Myths About Flattening the Curve

While many people believe that “flattening the curve” is the best way to slow the spread of coronavirus, one must also account for this method’s impact on the healthcare system capacity — something that even the most sophisticated COVID-19 models tend to ignore. It is likewise valuable to recognize that simpler models can sometimes provide just as much—if not more—insight into healthcare capacity needs as sophisticated models. Consider the following back-of-the-envelope Fermi calculation, which is an effective pedagogical approach that was introduced by physicist Enrico Fermi. This method is characterized by neglecting to present all of the information that one would supposedly need to solve a given problem, which would be difficult to explain with more specialized methods [1].

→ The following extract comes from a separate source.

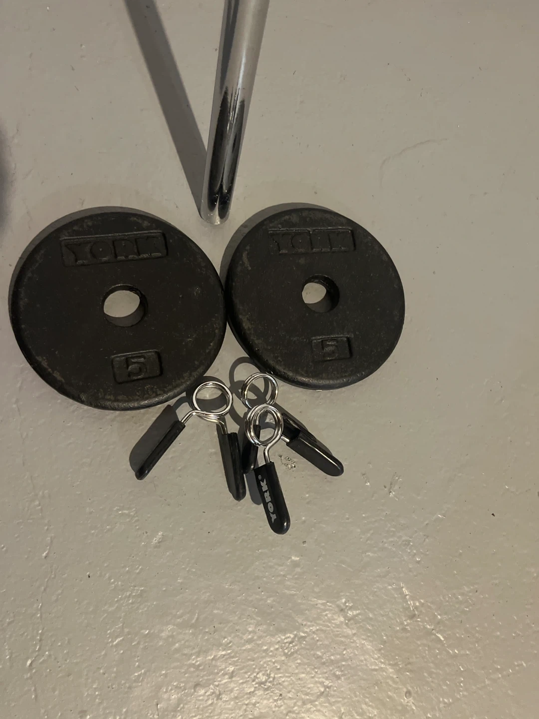York 2 x 5lb Weight Plates, Barbell, and Clips
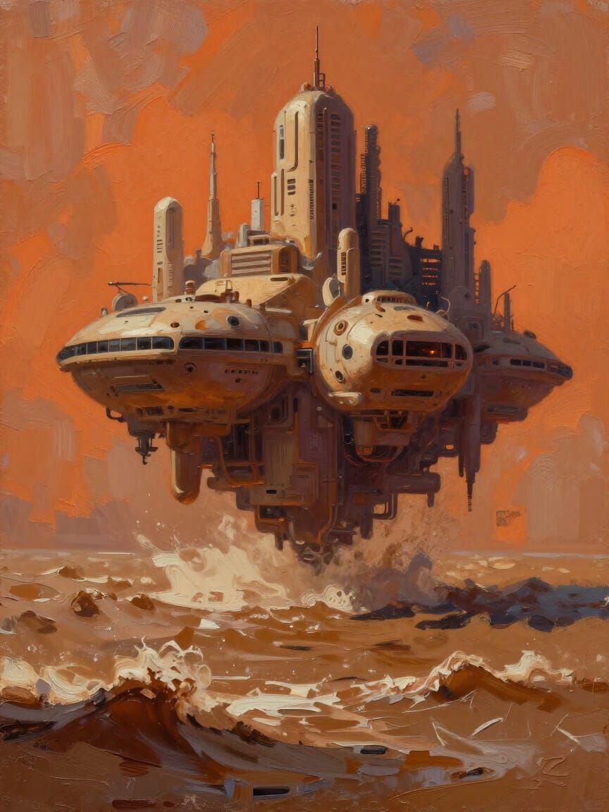 Solar Vintageworks, orange amber rust sandstone clay burnt_umber, Spectrum Studio, Retro-Futurism floating technological city on an a muddy ocean, dirty waves crashing, impasto-rich image with heavy brushstrokes and deep shadows, ominous lighting, deep shadows, deep focus,

On average, we are experiencing about \(200{,}000\) new cases of COVID-19 in the U.S. each day. Roughly 20 percent of acute patients (\(40{,}000\) individuals) are hospitalized daily [6]. On average, a COVID-19 patient remains in the hospital for around two weeks (\(14\) days) [5]; for all acute admitted patients, this calculation equals about \(600{,}000\) hospital patient days. Given that there are approximately \(6{,}000\) hospitals in the U.S., each hospital must have roughly \(100\) beds fully available for acute COVID-19 patients. In 2018, the pre-COVID-19 occupancy rates for U.S. hospitals were around 65 percent. If we project similar numbers and consider that there are about \(900{,}000\) beds available in the \(6{,}000\) U.S., hospitals, this yields about \(50\) beds per hospital for COVID-19 patients — which is about half the number of beds that are actually needed.

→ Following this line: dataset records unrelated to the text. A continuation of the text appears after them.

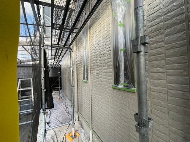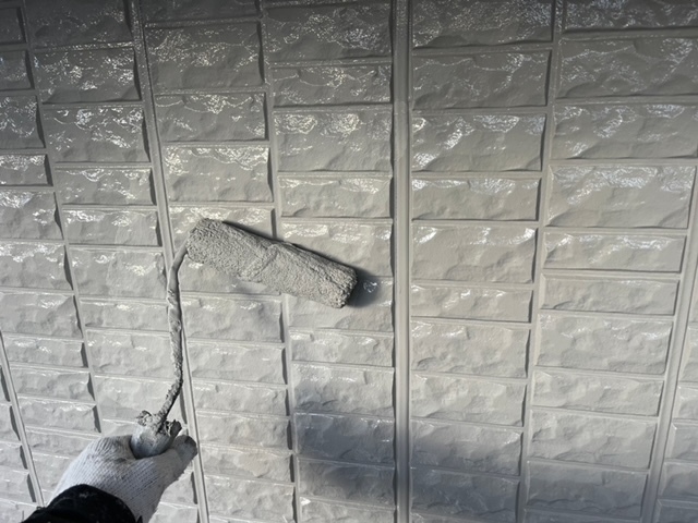 外壁の上塗りの様子です。綺麗に仕上がっております。2名で作業したので上塗りは早かったです。
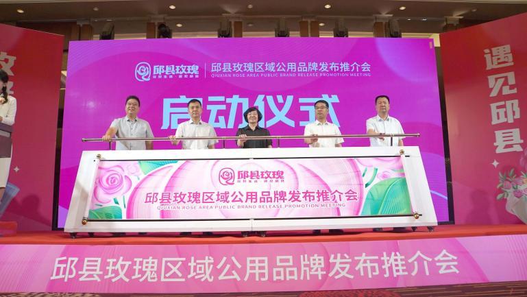 随后,几位领导共同上台,完成了发布会启动仪式,“邱县玫瑰”区域公用品牌推介会正式拉开帷幕。
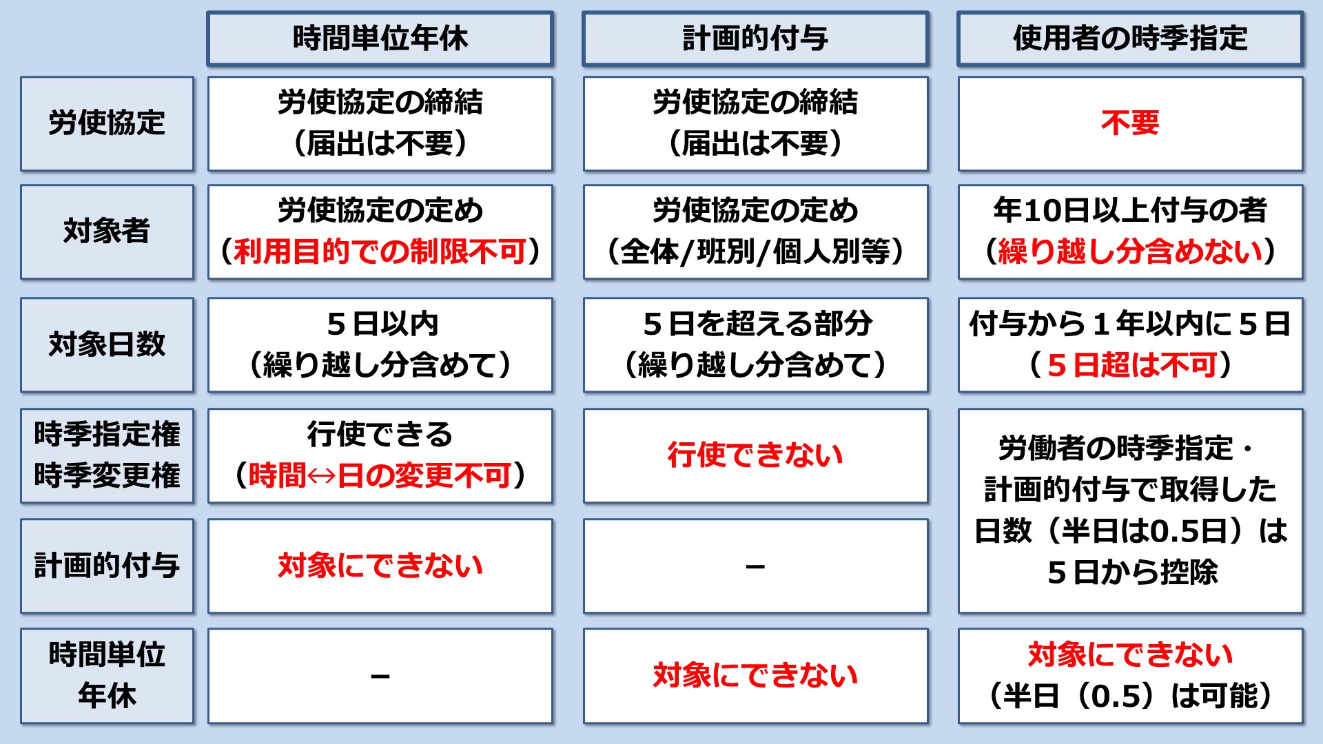 - 年次有給休暇の時間単位での取得は、労働者の多様な事情・希望に沿いながら年次有給休暇の消化率を高める効果を持ち得るものであるため、年5日(10日×)の範囲内で認められている。
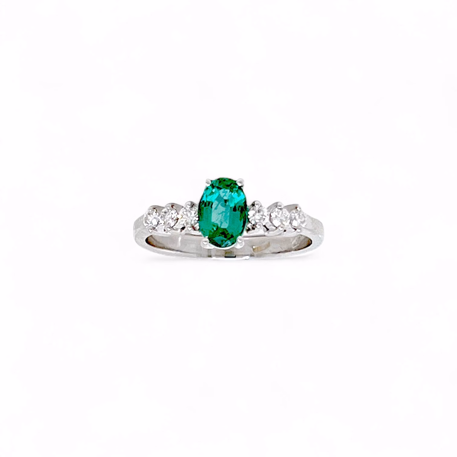 Anello con smeraldo e diamanti Cipolla dal 1950 Gioiellieri COLLEZIONE GEMME, lavorazione artigianale, montatura in oro bianco 750% 18 kt. Smeraldi caratura 0,40 taglio ovale. Diamanti peso 0.14 Ct colore F purezza VS1 taglio brillante
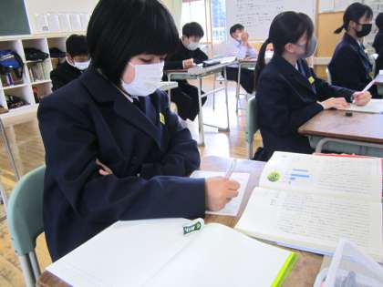 1年3限 国語 公開日 2021/11/02 更新日 2021/11/02 日々の活動から 11月2日(火) 1年生の国語の授業の様子です。 「なぜ仮説が証明されたと言えるか考えよう」という内容の授業でした。

Myths in the Calculation of \(R_0\) 

In mathematical epidemiology, \(R_0\) is defined as the average number of secondary infections that are produced by a typical case of an infection within a population where everyone is susceptible. While it is important to understand this number, it is also important to understand whether we are referring to the reproduction number that is calculated at the start of an outbreak versus any time during the outbreak. In other words, when the population is almost completely susceptible at the beginning of an outbreak, we calculate the basic reproduction number \(R_0\). But in a population where less than 100 percent of individuals are susceptible, we are really calculating the effective reproduction number.

Figure 1. \(R_0\) for community and long-term care facility interactions.
Another misconception related to \(R_0\) emerges when multiple groups interact. For example, consider the dynamics in a town that includes a community and long-term care facility (LTCF). Disease transmission occurs within the community, from the community to the LTCF, from the LTCF to the community, and within the LTCF. Suppose the value of \(R_0\) is due to the interaction within and between a community and LTCF, as in Figure 1. Beginning with an infected community population of \(1{,}000\) and an infected population in the LTCF of \(100\), one can compute the secondary infections for the community as \(0.8 \times 1{,}000+\)\(0.2 \times 100=820\) and the LTCF as \(0.4 \times 1{,}000 + 0.7 \times 100 =470\), thus yielding a total of \(1{,}290\) new secondary cases. Calculating the \(R_0\) of the population that consists of both the community and LTCF yields \(R_0=1.1\) for the entire town-based interaction, which gives more secondary cases \((1{,}290)\) than initial infections \((1{,}100)\). While the numbers in Figure 1 suggest that no outbreak exists, our calculations indicate a high likelihood of a major outbreak.

Myths Surrounding Compartmental Epidemiological Models 

Modelers often struggle to select an appropriate model for prediction. In many modeling studies, researchers aim to choose a model and indirectly estimate its unknown parameters with reported disease incidence data (i.e., time series that represent the number of reported daily/weekly cases). One can address the model selection problem in multiple ways; here we provide one simple approach. This methodology of model selection involves collecting a set of models and estimating two quantities—the number of estimated parameters and sum of residuals from the model’s fit to the incidence data—for each model in the set. One can then carry out a simple back-of-the-envelope calculation using the Akaike information criterion (AIC) for each model. A model’s AIC is given by \(n \times \log(rss)+2K\), where \(K\) is the number of model parameters for estimation, \(n\) is sample size of the data, and \(rss\) is the ratio of the residual sum of squares [3]. 

For a typical susceptible-infectious-recovered (SIR) epidemic model, suppose that we only estimate the transmission rate. Let us also estimate the transmission rate and parameter that corresponds to latency for a susceptible-exposed-infectious-recovered epidemic model [4]. We can then readily compute the AIC for both models. A lower AIC value indicates a better model fit. This kind of knowledge could certainly help mathematical modelers as they build new models. The AIC also provides additional information that can help modelers interpret how well each model fits the given data. For interpretation, one computes the \(\Delta\textrm{AIC}\): the relative difference between the best model \((\Delta\textrm{AIC}=0)\) and the others in the set. If \(\Delta\textrm{AIC}<2\), there is substantial evidence for the model; if \(3<\Delta\textrm{AIC}<7\), there is less support for the model; and if \(\Delta\textrm{AIC}>10\), the model is unlikely [2].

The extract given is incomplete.